Hinter der Frage, warum sich die Frau überhaupt im Nachtclub aufgehalten hat, steht offiziell ebenfalls ein großes Fragezeichen. Sowohl vom "Verlobten", als auch von den Betreibern des "Lamour" wird allerdings mit großem Nachdruck bestritten, dass die 33-Jährige ihr Geld mit Prostitution verdient hat.

Nach der Lesart von Zeugen und Ermittlungen der Polizei war im Club lediglich eine Hure angestellt. Die Zimmer über der Bar im Parterre seien auch keine "Freudenzimmer" gewesen, sondern lediglich "Rückzugsmöglichkeiten für müde Gäste". Solch ein "müder Gast" sei in der Nacht vom 26. zum 27. August auch das spätere Opfer Olga gewesen.

Täter anhand des Autos identifiziert

Die Ermittlungen der Polizei haben schnell Erfolg. In dringenden Tatverdacht gerät ein Halberstädter, der das Etablissement in der betreffenden Nacht besucht hat. Nach eigenen Aussagen zum ersten Mal.

Die Identität von Sven B. wird anhand seines Autokennzeichens ermittelt. Er wird noch am Tattag vorläufig festgenommen und räumt die Tat ein. Allerdings bleibt B., was das Motiv betrifft, sehr nebulös. "Nichts Greifbares", so ein Ermittler.

Am 27. August erlässt das Amtsgericht Halberstadt auf Antrag der Staatsanwaltschaft Haftbefehl.
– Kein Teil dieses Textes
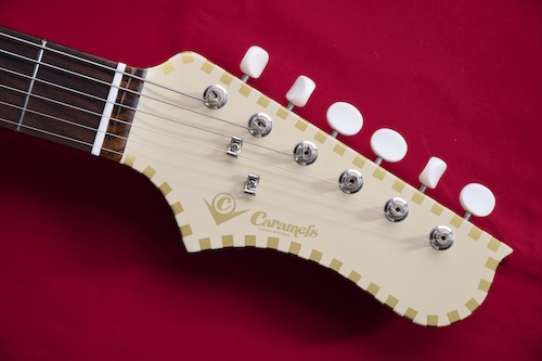 そして搭載したキャラメルズのオリジナル・アルニコVピックアップは大音量にした時にも耳に痛くないのがとても良いです。黄色味の強いDesert Sandカラーにゴールドのチェッカードステッチ、ゴールドのアノダイズドピックガードが何ともクラシカルで良い雰囲気を醸し出しています。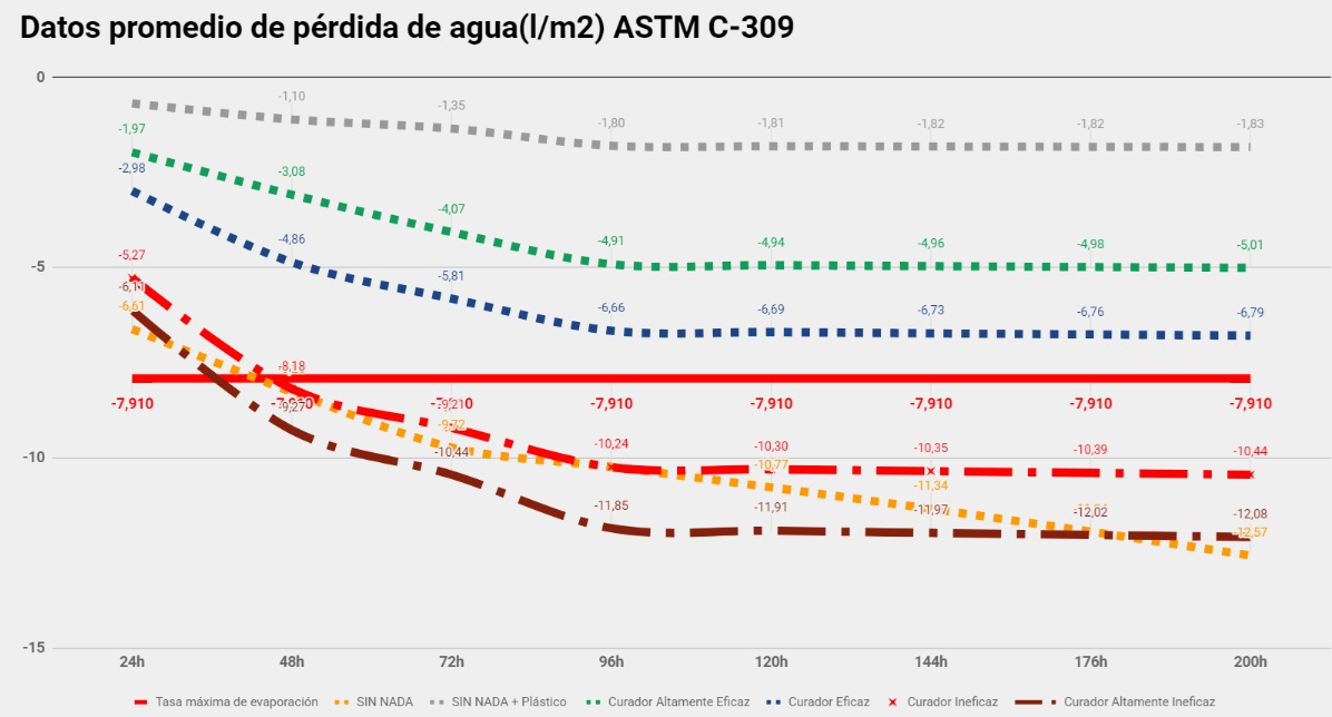 -Siguiendo el criterio de tasa de evaporación máxima de 20,7% que marca la ASTM C-309 en las primeras 72 horas, obtendremos que la tasa máxima de evaporación será de 7,915 l de agua tras la cual ya habremos sobrepasado el límite establecido.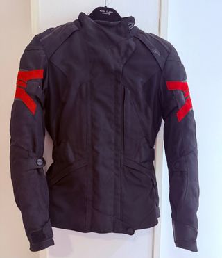 Chaqueta de motorista Spidi para mujer, con un diseño moderno y deportivo. - Color negro con detalles en rojo y blanco. - Cierre frontal con cremallera y botones. - Dos bolsillos delanteros con cremallera. - Cuello alto con cierre de botón. - Puños ajustables con botón. - Talla M

Zwei Tage später, am 29. August um 14.50 Uhr, stirbt Olga, ohne noch einmal das Bewusstsein erlangt zu haben. Ermittelt wird von nun an wegen Totschlags.

Ein besonderer Aspekt des Falls ist, dass die gesamte Rotlichtszene Halberstadts in enger Nähe zur Motorradrockerszene stehen soll, wie Insider wissen. Die Claims in der Vorharzstadt seien "klar abgesteckt", heißt es aus Kreisen von Spezialermittlern. Und der Chef des "Lamour" soll selbst ein "Bandido", zumindest aber ein Strohmann dieser Motorradrockergang sein.

Dieser Umstand habe die Ermittlungen im Fall nicht unbedingt erleichtert, heißt es aus Ermittlerkreisen So sei die Identität der Frau - obwohl sie in der "Bandidos"-Szene bekannt sein soll - nicht preisgegeben worden. "Wir informieren die Familie in der Ukraine selber," habe es geheißen.

Der Polizei war nur übrig geblieben, den "großen Ball zu treten" und die Familie der Getöteten, einschließlich ihrer Tochter, über das Auswärtige Amt zu ermitteln und über den unnatürlichen Tod Olgas zu informieren.

Bereits vor einem Jahr war nur ein paar Kilometer weiter, im Norden Halberstadts, eine junge Frau umgebracht worden. Die polnische Prostituierte mit dem Künstlernamen "Monica" soll von ihrer Kollegin "Sandra" mit 20 Messerstichen getötet worden sein. Die 28-Jährige und deren Freund hatten Geld des Zuhälters mitgehen lassen und waren nach Polen geflohen.

Wenige Tage später wurden Dorotha T. und ihr Freund in Czarnkow (Woiwodschaft Wiel-kopolski/Großpolen) verhaftet und sind inzwischen wegen Straftaten, die sie in Polen begangen haben, verurteilt worden. Ob sie nach Deutschland ausgeliefert wird, steht nicht fest.

Vieles deutet darauf hin, dass auch "Monica" und "Sandra" "unter Aufsicht" der Halberstädter Rockerszene anschaffen gingen.